B.M. No. 553. June 17, 1993

Topic: Advertisement in the Legal Profession

Facts:

Mauricio C. Ulep, petitioner, prays this Court "to order the respondent, The Legal Clinic, Inc., to
perpetually prohibit persons or entities from making advertisements pertaining to the exercise of
the law profession other than those allowed by law.”

It is the submission of petitioner that the advertisements conducted by the respondent are
champertous, unethical, demeaning of the law profession, and destructive of the confidence of
the community in the integrity of the members of the bar and that, as a member of the legal
profession, he is ashamed and offended by the said advertisements, hence the reliefs sought in
his petition as herein before quoted.

In its answer to the petition, respondent admits the fact of publication of said advertisements at
its instance, but claims that it is not engaged in the practice of law but in the rendering of "legal
support services" through paralegals with the use of modern computers and electronic machines.
Respondent further argues that assuming that the services advertised are legal services, the act of
advertising these services should be allowed supposedly in the light of the case of John R. Bates
and Van O'Steen vs. State Bar of Arizona, reportedly decided by the United States Supreme
Court.

Issue:

            Whether or not the services offered by respondent, The Legal Clinic, Inc., as advertised
by it constitutes practice of law and, in either case, whether the same can properly be the subject
of the advertisements herein complained of.

Ruling:

            Yes. The Supreme Court held that the services offered by the respondent constitute
practice of law. Black defines "practice of law" as:

"The rendition of services requiring the knowledge and the application of legal principles and
technique to serve the interest of another with his consent.

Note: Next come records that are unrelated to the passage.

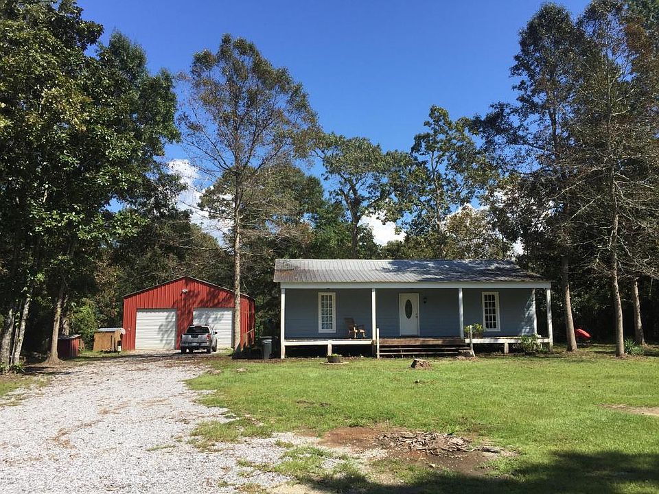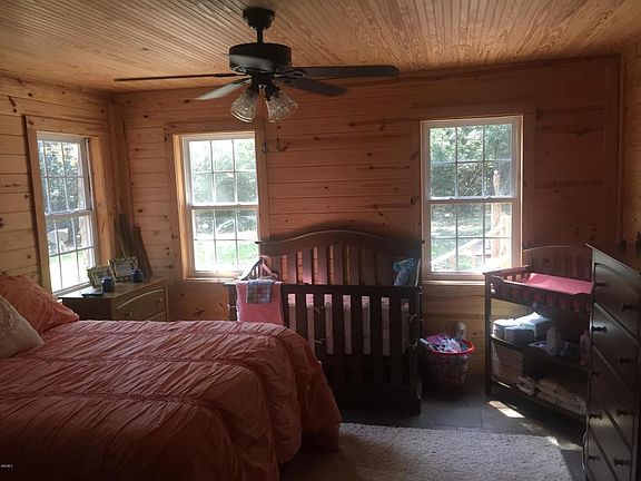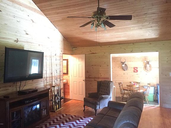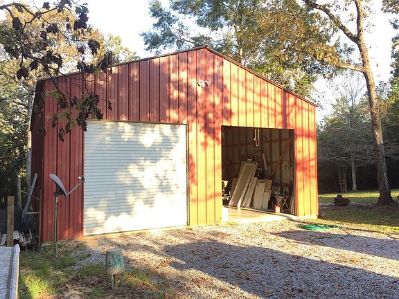 Very private wooded setting. Interior is rustic style with wood walls and ceiling. Split floor plan with master suite to the rear of house. High ceilings. Walk-in closets. Wide front porch runs entire width of house. Rear porch deck overlooks natural wooded landscape and measures 16 x 24 ft. Metal shop building is 30 x 40 ft. House needs a little work to the interior but still a bargain at $124,000.
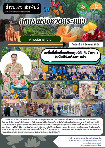 วันจันทร์ที่ 15 ธันวาคม 2568 นางสาววาสนา เนียมสูงเนิน สหกรณ์จังหวัดสระแก้ว พร้อมด้วยนางสาวณิชากร เสนาเดชสุริยะ ตำแหน่ง นักจัดการงานทั่วไปชำนาญการ สำนักงานสหกรณ์จังหวัดสระแก้ว ลงพื้นที่เพื่อเยี่ยมเยียนผู้อพยพ จำนวน 6 ศูนย์ และร่วมพิธีมอบถุงพระราชทาน มูลนิธิราชประชานุเคราะห์ ในพระบรมราชูปถัมภ์ให้แก่ผู้อพยพในศูนย์พักพิงชั่วคราวในพื้นที่จังหวัดสระแก้ว โดยมีนายปริญญา โพธิสัตย์ ผู้ว่าราชการจังหวัดสระแก้ว เป็นประธานในพิธี และมีนายเชาวเนตร ยิ้มประเสริฐ รองผู้ว่าราชการจังหวัดสระแก้ว หัวหน้าส่วนราชการจังหวัดสระแก้วเข้าร่วมพิธีในครั้งนี้ด้วย ทั้งนี้ เพื่อเสริมสร้างขวัญกำลังใจให้แก่ผู้อพยพที่ได้รับผลกระทบจากสถานการณ์ความไม่สงบในพื้นที่ชายแดนไทย–กัมพูชา ณ ศูนย์พักพิงชั่วคราว จังหวัดสระแก้ว
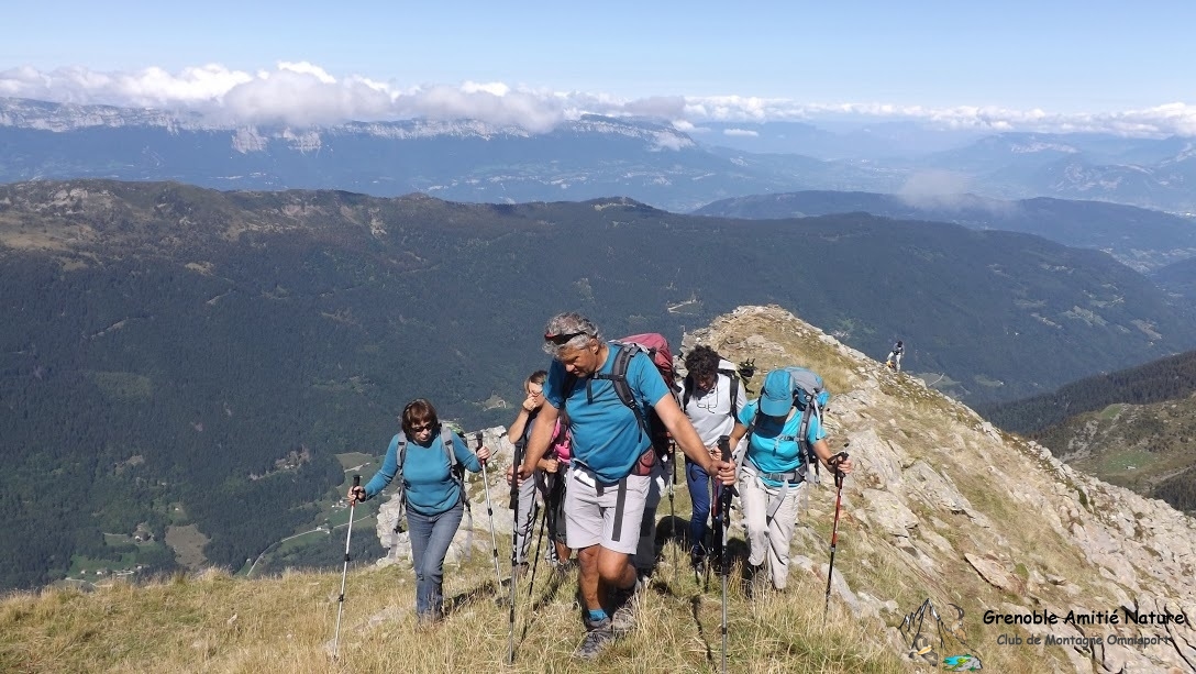 Ce dimanche 6 septembre nous étions dix ganistes au départ du Curtillard (1000 m) pour effectuer une traversée méconnue entre le vallon de l’Arpette et le vallon de la Grande Valloire. La température matinale très fraîche nous incite à démarrer à un bon rythme pour effectuer l’ascension raide d’une belle forêt de laquelle nous sortons vers 1550 m après 1h10 de marche.
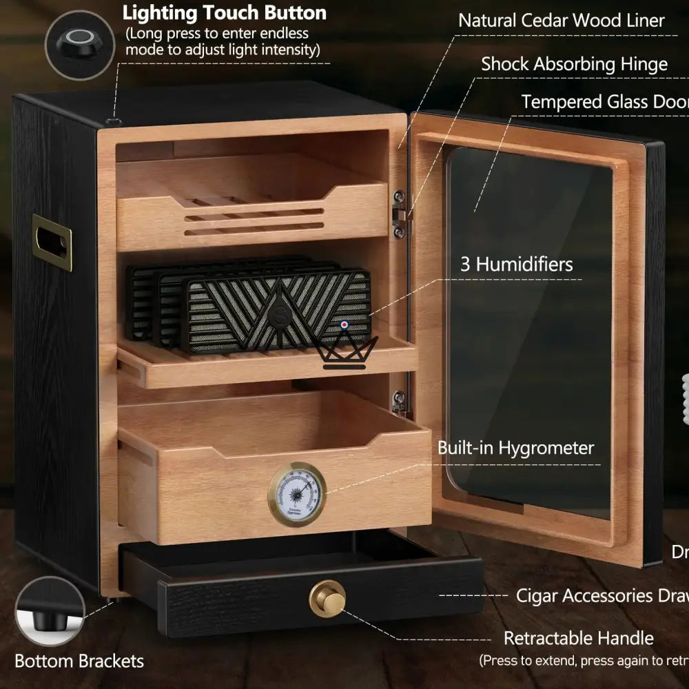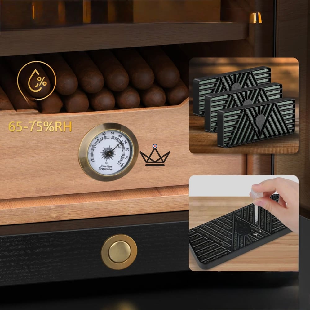 - Equipped with three sophisticated humidifiers , this humidor maintains a stable humidity level between 65% and 75% , essential for the long-term preservation of cigars.
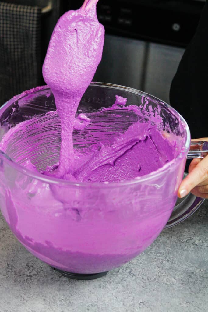 面糊应该形成一条厚厚的缎带,当它被提起时,就像下面的照片那样从抹刀上流下来。
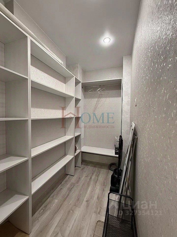 В квартире есть гардеробная, которая добавляет удобства для хранения вещей.

It is not limited to appearing in court,
or advising and assisting in the conduct of litigation, but embraces the preparation of pleadings,
and other papers incident to actions and special proceedings, conveyancing, the preparation of
legal instruments of all kinds, and the giving of all legal advice to clients. It embraces all advice
to clients and all actions taken for them in matters connected with the law.
The contention of respondent that it merely offers legal support services can neither be seriously
considered nor sustained. Its contention that such function is non-advisory and non-diagnostic is
more apparent than real. In providing information, for example, about foreign laws on marriage,
divorce and adoption, it strains the credulity of this Court that all that respondent corporation will
simply do is look for the law, furnish a copy thereof to the client, and stop there as if it were
merely a bookstore. With its attorneys and so called paralegals, it will necessarily have to explain
to the client the intricacies of the law and advise him or her on the proper course of action to be
taken as may be provided for by said law. That is what its advertisements represent and for
which services it will consequently charge and be paid. That activity falls squarely within the
jurisprudential definition of "practice of law."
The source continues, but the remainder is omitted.